Обеим вам, милые мои красавицы, недостало в тот день великодушия. Она ведь не на отсутствие пасты пожаловалась (прекраснейшим образом перешла голубушка на отечественную, и с зубами у нее все в порядке, не то, что у твоего покорного слуги - прости, коли я однообразен), а на одиночество. Способ не лучший, согласен, но и ты, ей-Богу, могла бы добросердечно признать за нею право тосковать по привычному, забыв на это мгновение свои туземную тягу в заокеанский парадиз, где улицы вымощены деодорантом и зубной пастой. Впрочем, что я впадаю в нравоучительный тон, хорошая моя - многое ты, должно быть, теперь понимаешь во сто крат лучше меня. И не преувеличивай мою злопамятность - я начисто забыл и ту колкость, которую ты отвесила бедной девочке, и ее ответную. Но тем же самым взглядом, бессовестная, что в ванной комнате, ты стала оглядывать всю эту жалкую квартирку западного человека на отечественной службе, с разрозненными копиями Newsweek’a, календариками, открытками, и яркими занавесками - которые, как я тебе уже тогда пытался вдолбить в голову, не из Аркадии были и даже не из Гельсингфорса, а из самого прозаического хозяйственного магазина по соседству. Подумать только, какая соломинка может переломить спину верблюду - боюсь, что аккурат в тот злосчастный вечер заразилась ты вирусом бегства из отечества, - хотя с верблюдом сравнивать тебя, честное слово, не хотел.

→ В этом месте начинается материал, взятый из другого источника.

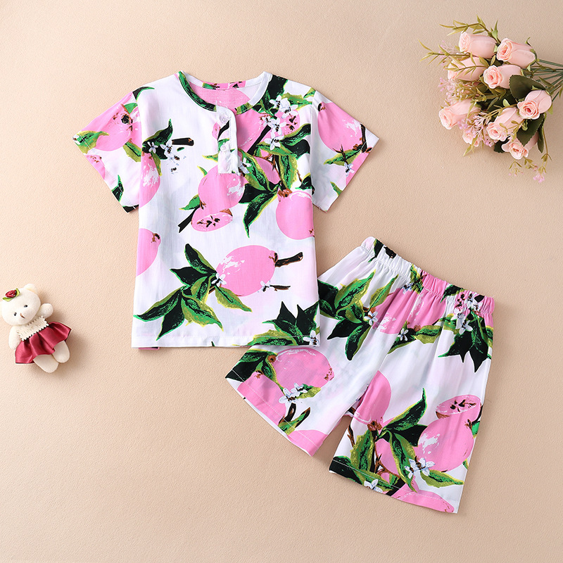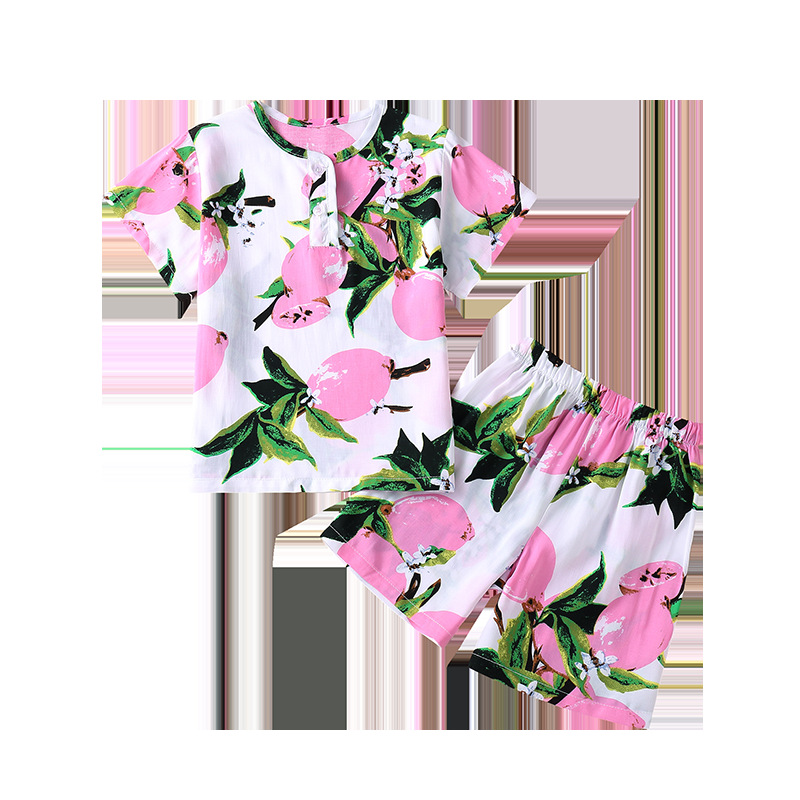 소년과 소녀를위한 여름 어린이 면화 실크 잠옷 아기 면화 실크 어린이 여름 소녀 에어컨 가정 의류 세트스토어 가기
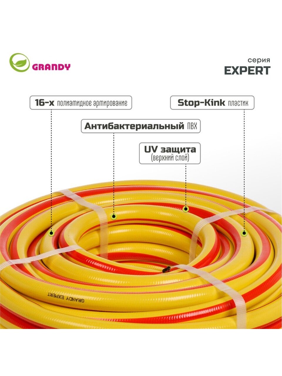 Шланг поливочный армированный Grandy Expert не подвержен локальным вздутиям, не образует трещин и изломов. Проверен на герметичность, концы шланга запаяны под давлением.
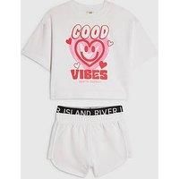 River Island Older Girls Good Vibes Smile T-Shirt Set - White
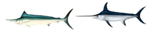 In rarissimi casi potrebbe capitare proprio il fantomatico pesce spada, Xiphias gladius, col fondato rischio di vedersi la lenza tagliata in un attimo dal bordo tagliente del suo gladio… Rispetto all’aguglia imperiale, presenta rostro molto allungato e dal profilo appiattito, con le pinne dorsale, anale e pettorali estremamente rigide e falcate. Tipica è anche la carenatura laterale del peduncolo caudale, molto sviluppata. Taglia media sotto i 100 kg, massima che supera assai raramente i 2-3 quintali in mediterraneo, misura minima di legge 140 cm.
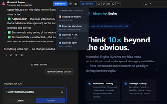 Eklenti, kullanıcıların tam sohbet geçmişini bir tıklama ile yakalamasını sağlayan bir 'Dışa Aktar' butonu sunar. Kullanıcılar, tüm geçmişi aynı anda almak istediklerinde 'Tam geçmişi yakala' seçeneğini kullanarak sohbetteki eski mesajları yüklemek için otomatik olarak yukarı kaydırma işlemi gerçekleştirebilir. Dışa aktarma formatları arasında Markdown, HTML ve JSON bulunmaktadır, böylece kullanıcılar verilerini diledikleri gibi kullanabilirler.
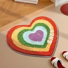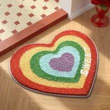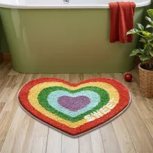 Brighten up your home with this heart-shaped tufted rainbow bathroom mat. Designed with a playful rainbow pattern and cozy tufted texture, this rug adds a pop of color and personality to any room. Whether placed in your bathroom, bedroom, or by the doorway, it instantly makes your space feel warm, inviting, and stylish. Its soft surface provides comfort underfoot, while the charming heart shape gives it a unique and aesthetic touch perfect for modern home decor.
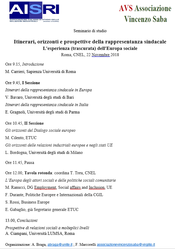 Da Gio, 22/11/2018 a Gio, 22/11/2018 Mode On-site-only 14/11/2022 ROMA - Itinerari, orizzonti e prospettive della rappresentanza sindacale - L'esperienza (trascurata) dell'Europa sociale on-site only |
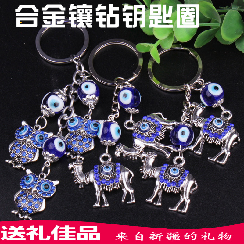 新疆の旅行の記念品の合金はラクダのフクロウのキーホルダーの青い目のキーホルダーのリュックサックの装飾品を入れます。
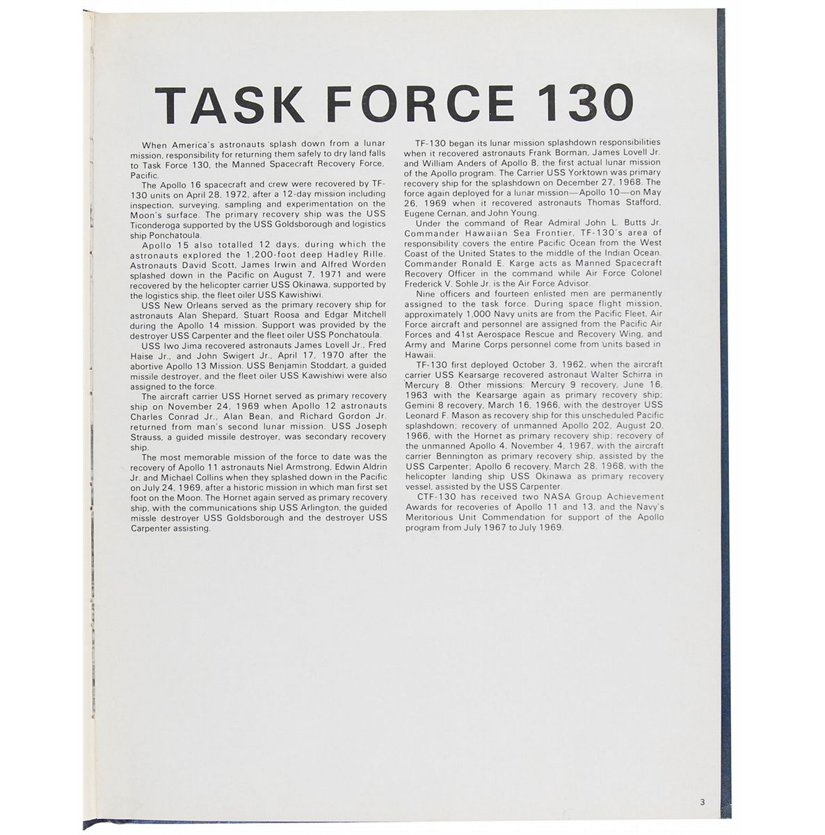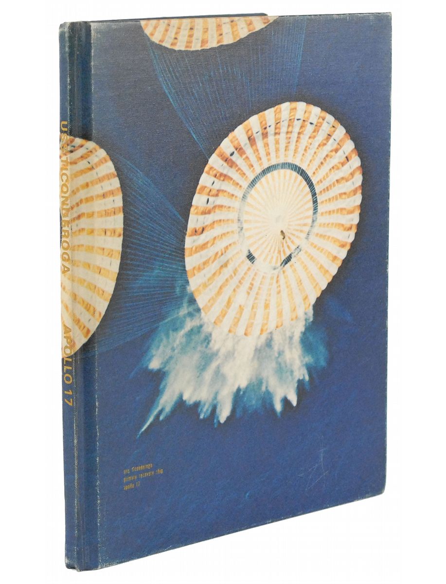 Unsigned book: USS Ticonderoga Apollo 17. First edition. USS Ticonderoga/Pischel Yearbooks, 1972. Hardcover, 8.75 x 11.25, 112 pages. In very good condition, with dampstaining and rippling to upper portions of pages, and scattered light wear and rubbing to covers.
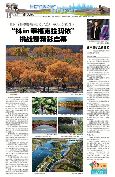 ????2019年,針對上述活動,《克拉瑪依日報(bào)》通過“幸福文旅”???、油城新聞等推出十余個版面,圖文并茂、多種形式報(bào)道了我市旅游產(chǎn)業(yè)的快速發(fā)展,跟蹤記錄了多項(xiàng)旅游大事件的發(fā)生。
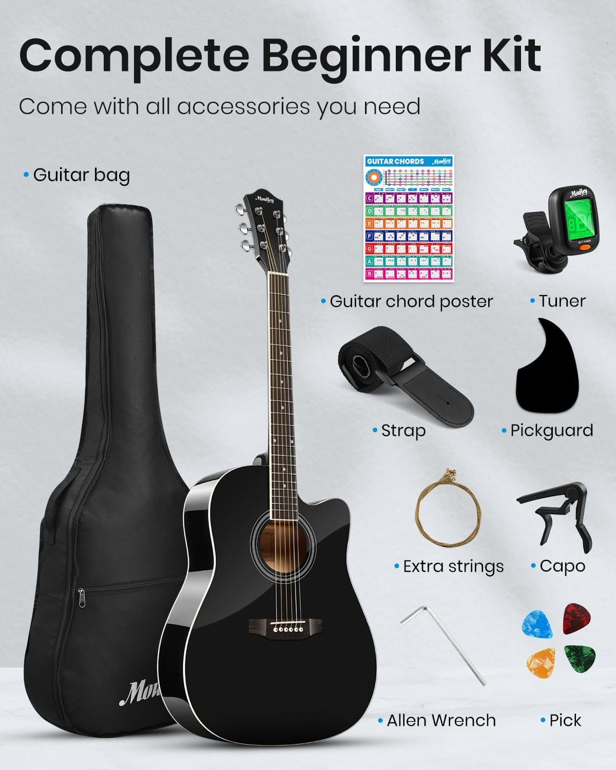 Complete Beginner Guitar Pack – Everything needed for starters is included, just unbox & play. The bundle includes Moukey 41” acoustic guitar, chord poster, 3mm padded gig bag, tuner, strap, capo, strings and picks. A decent gift for children, friends and family.
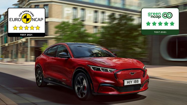 A tisztán elektromos hajtású Ford Mustang Mach-E mind a biztonság, mind a környezettudatosság tekintetében tökéletes, 5 csillagos eredményt ért el
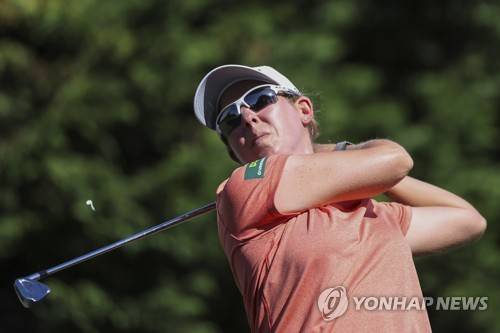 South Africa's Ashleigh Buhai tees off on the 14th hole during the Australian Open golf championship at Victoria golf course in Melbourne, Australia, Saturday, Dec. 3, 2022. (AP Photo/Asanka Brendon Ratnayake)
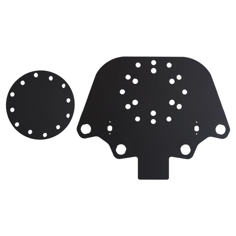 A custom shaped, acrylic, 3mm thick button plate and 3mm thick disk.
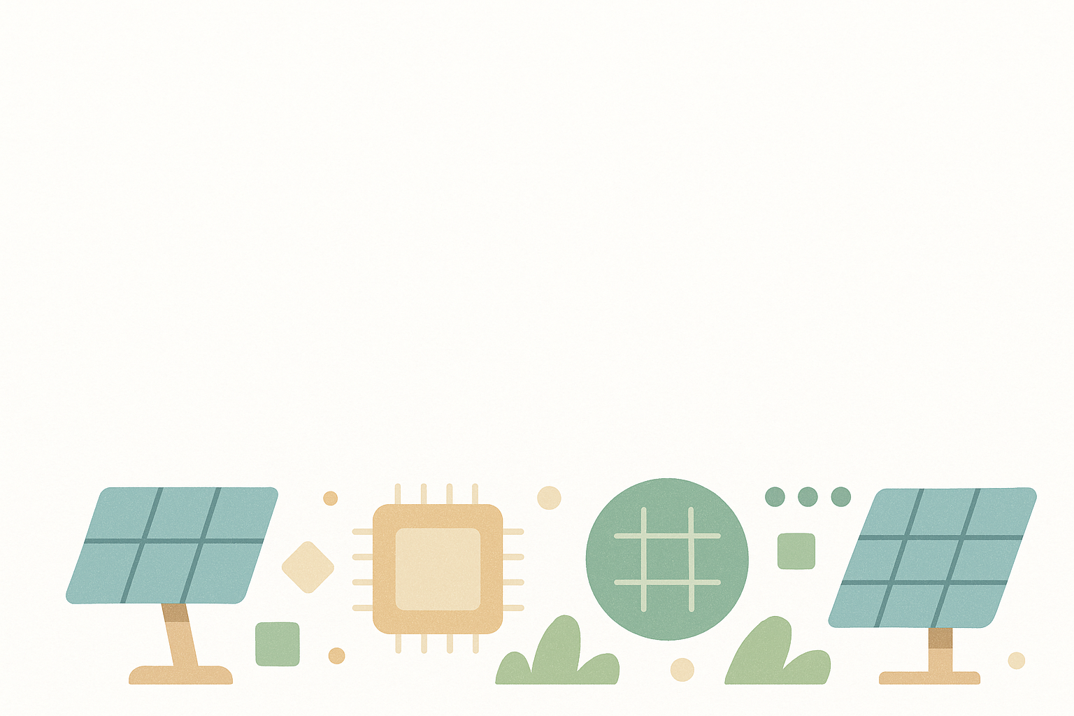 Illustration vectorielle minimaliste avec panneaux solaires bleus, microprocesseur beige, symboles technologiques verts et formes géométriques arrondies. Palette de couleurs pastel douces (bleu, vert, beige) sur fond blanc cassé, style épuré et professionnel, évoquant l'innovation, l'écologie et la technologie.
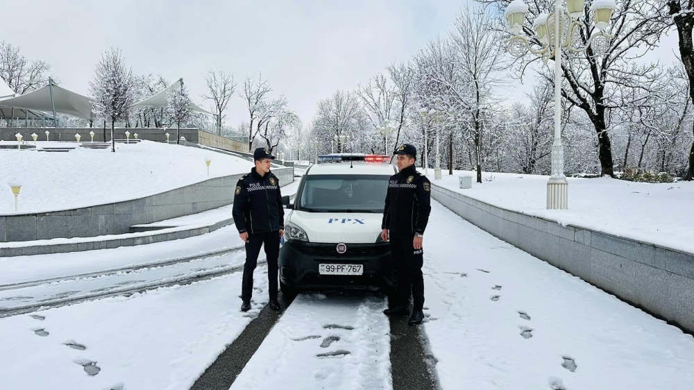 Polis əməkdaşları hava şəraiti ilə əlaqədar respublikamızın bir sıra bölgələrində gücləndirilmiş rejimdə fasiləsiz xidmət aparır.

Сесть бы, между прочим, да сочинить бойкий полу-журналистский труд о странной колонии западных людей в нашей столице - да лень, и дел много. Вот тебе зато пишу, и повесть замыслил. Смешная должна бы получиться повесть, знаешь, только смеяться я разучился. Стал, как все недавние апатриды, серьезен и напыщен, то умиляюсь, то сержусь на отсутствие какой-то особенно убедительной игры на лире или флейте среди аркадских лужаек - а ведь все возможности дадены им для этого, подлецам, - то злюсь на самого себя за невежество, за то, что берусь судить о моих новых соотечественниках, толком не зная, чем дышат они, словом, не скучаю. Между тем (улыбнись со мною) мой угреватый и безработный сосед, любитель облегченного пива, митингов, демонстраций и хоккейных матчей, вечерами исправно садится за стол и творит искусство - вырезает из дерева кораблик, эмблему пивоваренной компании, напротив которой я имею удовольствие служить. И не просто вырезает, дорогая моя, а украшает разноцветной фольгой и на деревянные мачты клеит тряпичные паруса. Нет, все-таки невозможно разучиться смеяться. Вот еще: почти всякий день слушаю от одного коллеги лекции о приобретении синеватой уцененной курятины, так чтобы так, чтобы сразу набить ею ей большую часть морозильника, а там, стоит мне поддакнуть ему, и инструкции о том, где купить половину коровы, разрубленную и упакованную, но дальше, дальше, дальше идет самое задушевное: неисчислимые выгоды от покупки собственного дома, особенно если ухаживать за ним самому, причем, поверишь ли, сначала следует приобрести дом двухквартирный, неторопливо за него выплачивать, а когда он подымется в цене (что происходит с неизбежностью старости и смерти), продать и купить одноквартирный, сначала, может быть, не в самом лучшем районе, а затем повторить операцию, и так ad infinitu - я бы сказал ad nauseam, или ad mortem, но моё мнение Эдуарда волнует вряд ли.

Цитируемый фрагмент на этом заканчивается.